NextGen Resume Parser - Field Mappings.xlsx
Additional meta data
Metadata | Description |
---|---|
id | Identifier associated with the specific data point |
rectangle(s) | x/y coordinates for the rectangular bounding box containing the data |
pageIndex | The page that the data is found on |
raw | Raw data extracted before any processing and formatting |
confidence | Overall confidence that indicates the likelihood the data extracted is correct. This considers both classification and text extraction confidence scores |
classificationConfidence | A value that indicates the confidence that the model has that the data returned is correct |
textExtractionConfidence | A value that indicates the confidence that the text extracted from the document is correct (relevant for scanned documents) |
isVerified | Indicates whether the data has been validated, either by a human using our validation tool or through auto-validation rules |
isClientVerified | Indicates whether the data has been validated by a human |
isAutoVerified | Indicates whether the data has been auto-validated |
dataPoint | A unique identifier associated with that data field |
contentType | Type of data. Options include text, date, date-time, enum, location, float, and decimal. |
parsed | Parsed data extract after post-processing steps, including reformatting or mapping to a defined taxonomy |
Upgrading to API V3
Affinda will continue to support API v2 for the legacy parser, with no plans to retire it. However, the NextGen Resume Parser is only supported on API v3. Clients wishing to use the NextGen Resume Parser must migrate to API v3.
Main differences between API V2 and V3
1. Document agnostic end-points
- V2: Separate endpoints were available for each document type supported, which meant that customers had to upload documents to specific endpoints for resumes or job descriptions
- V3: Uploading documents can now be done via a single 'documents' endpoint, and the response received depends on the document type considered. While this is a different end-point, the way that this works is largely the same as in V2 (e.g. same parameters).
2. Document organisation
- V2: No ability to organise documents of the same type into logical groups (e.g. all resumes are all located in the same queue).
- V3: Workspaces and collections help organize documents into logical groups, allowing for the application of different settings to each group (e.g., creating separate workspaces for different clients, each with tailored fields). When uploading documents, users must specify the Workspace or Collection to which the document belongs.
3. Capabilities
- V2: Set of capabilities is largely restricted to uploading documents and receiving the results.

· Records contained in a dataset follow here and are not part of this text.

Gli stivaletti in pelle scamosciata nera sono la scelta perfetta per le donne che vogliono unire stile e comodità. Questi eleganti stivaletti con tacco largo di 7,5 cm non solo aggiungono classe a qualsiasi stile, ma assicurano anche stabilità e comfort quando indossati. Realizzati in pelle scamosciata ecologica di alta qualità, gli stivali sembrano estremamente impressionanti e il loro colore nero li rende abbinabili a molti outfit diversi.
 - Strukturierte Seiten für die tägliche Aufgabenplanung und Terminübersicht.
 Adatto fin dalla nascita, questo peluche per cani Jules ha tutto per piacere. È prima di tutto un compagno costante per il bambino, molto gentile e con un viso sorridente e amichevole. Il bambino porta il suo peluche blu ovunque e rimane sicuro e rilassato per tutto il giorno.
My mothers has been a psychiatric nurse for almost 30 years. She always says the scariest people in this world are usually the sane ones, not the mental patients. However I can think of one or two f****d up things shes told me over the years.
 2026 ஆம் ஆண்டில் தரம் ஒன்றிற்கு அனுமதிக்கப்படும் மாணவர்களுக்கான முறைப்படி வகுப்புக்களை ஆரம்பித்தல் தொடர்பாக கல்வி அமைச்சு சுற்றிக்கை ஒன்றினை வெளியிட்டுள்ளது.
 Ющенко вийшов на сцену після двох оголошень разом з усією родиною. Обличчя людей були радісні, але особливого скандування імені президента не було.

- V3: Option exists to make use of a far wider range of features, such as adding tags, mata mapping, validation rules and managing user access.

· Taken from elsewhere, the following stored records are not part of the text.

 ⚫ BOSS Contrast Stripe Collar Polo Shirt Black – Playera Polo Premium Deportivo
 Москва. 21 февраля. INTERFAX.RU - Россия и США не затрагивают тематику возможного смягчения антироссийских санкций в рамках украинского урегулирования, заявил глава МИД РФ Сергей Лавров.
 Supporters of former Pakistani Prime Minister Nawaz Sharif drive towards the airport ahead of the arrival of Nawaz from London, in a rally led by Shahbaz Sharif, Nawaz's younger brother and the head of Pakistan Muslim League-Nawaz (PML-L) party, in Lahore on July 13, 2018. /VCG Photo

Compability with Search and Match
A key advantage of upgrading is that resumes processed with the v4 parser will have more accurate and comprehensive information extracted (e.g., fewer missing skills), enhancing the matching process. If you're an existing Search and Match customer using a legacy parser and want to upgrade to the NextGen Parser, there's no need to reparse previously processed resumes. You can continue using the same indices for candidates parsed with the legacy parser.
Upgrading to a NextGen self-hosted setup
To upgrade your legacy self-hosted parser to the NextGen self-hosted setup, follow these steps:
- Back up your data: Before starting the database migration, create a backup of your data by duplicating your existing environment, including the back-end, to ensure you have a safe copy to restore if needed.

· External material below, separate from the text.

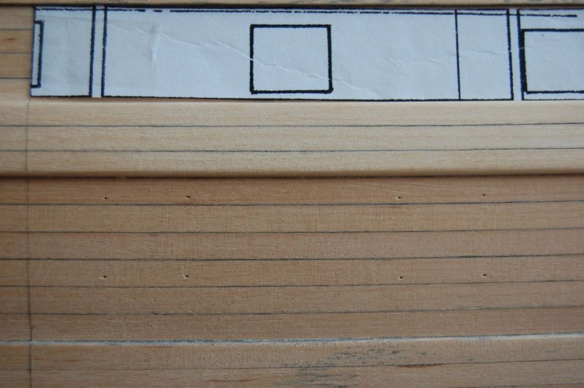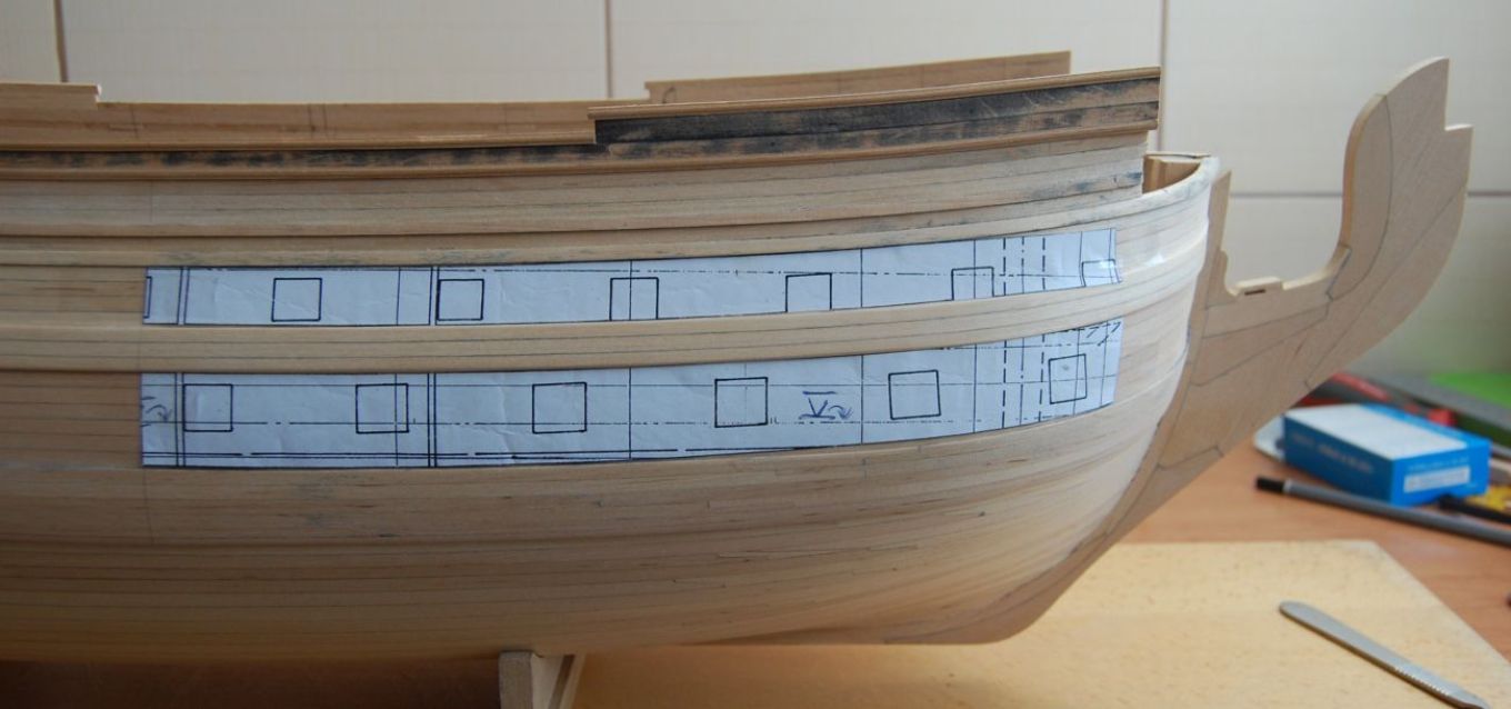 Obowiązki nie sprzyjają zabawie stąd udało mi się tylko przeszlifować kadłub i zająłem się trasowaniem ambrazur. Paski skopiowane i wycięte z planów posłużyły do wyznaczenia narożników jednakże wymagało to potem korekty i wyrównania ich w linii gdyż okazało się że czasami układały się schodkowo (rysowane były dość grubą kreską na planie i po przeniesieniu z płaskiego arkusza na obło kadłuba obarczone były błędem). Narożniki wierciłem i brzeszczotem do piłki włośnicowej chwyconym w klamerki wycinałem otwory.
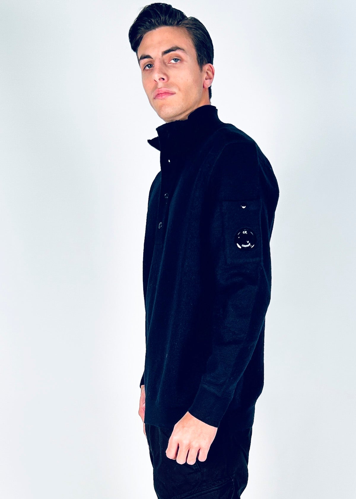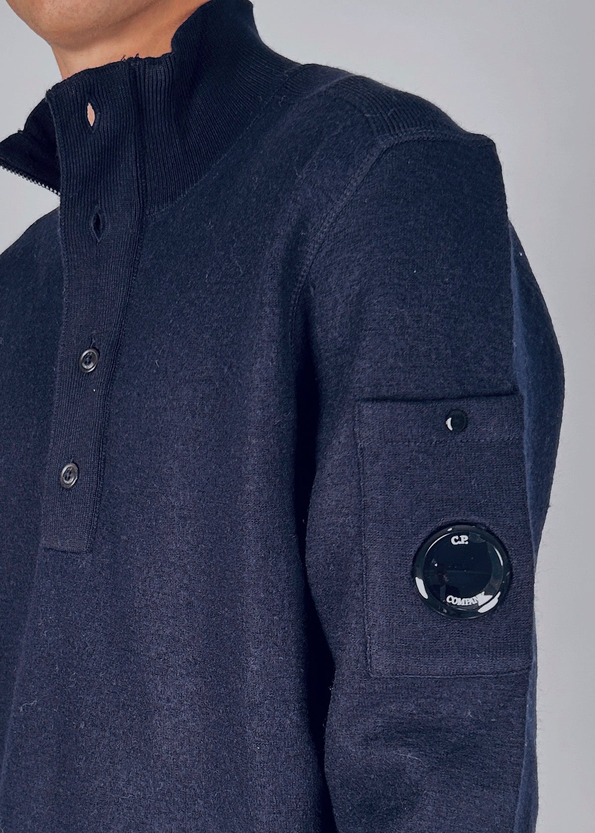 Maglione in lana merino infeltrita con mezza abbottonatura, collo e polsini a costine, taschino con Lente e vestibilità regular. Finezza 12. Disponibile dalla S alla XL. Il modello è alto 1.86m ed indossa la taglia M. Made in India.

- Access the latest self-hosted version: Obtain the latest version under "releases" from https://github.com/affinda/self-hosted . Depending on your infrastructure, access is provided through either Docker or an Amazon IAM user.
- Run migration in staging environment: Conduct the migration in a staging environment to minimise the risk of production disruptions. Ensure the staging environment closely mirrors the production setup. Since the database migration is irreversible, testing in a separate instance ensures a safer process.
- Set up and use the NextGen collection: After upgrading to the latest version, create a Resumes(NextGen) collection (see screenshot below) and parse resumes using it. Ensure you are using API V3 to access this NextGen collection, and any new resumes parsed in this collection will adopt the NextGen data structure.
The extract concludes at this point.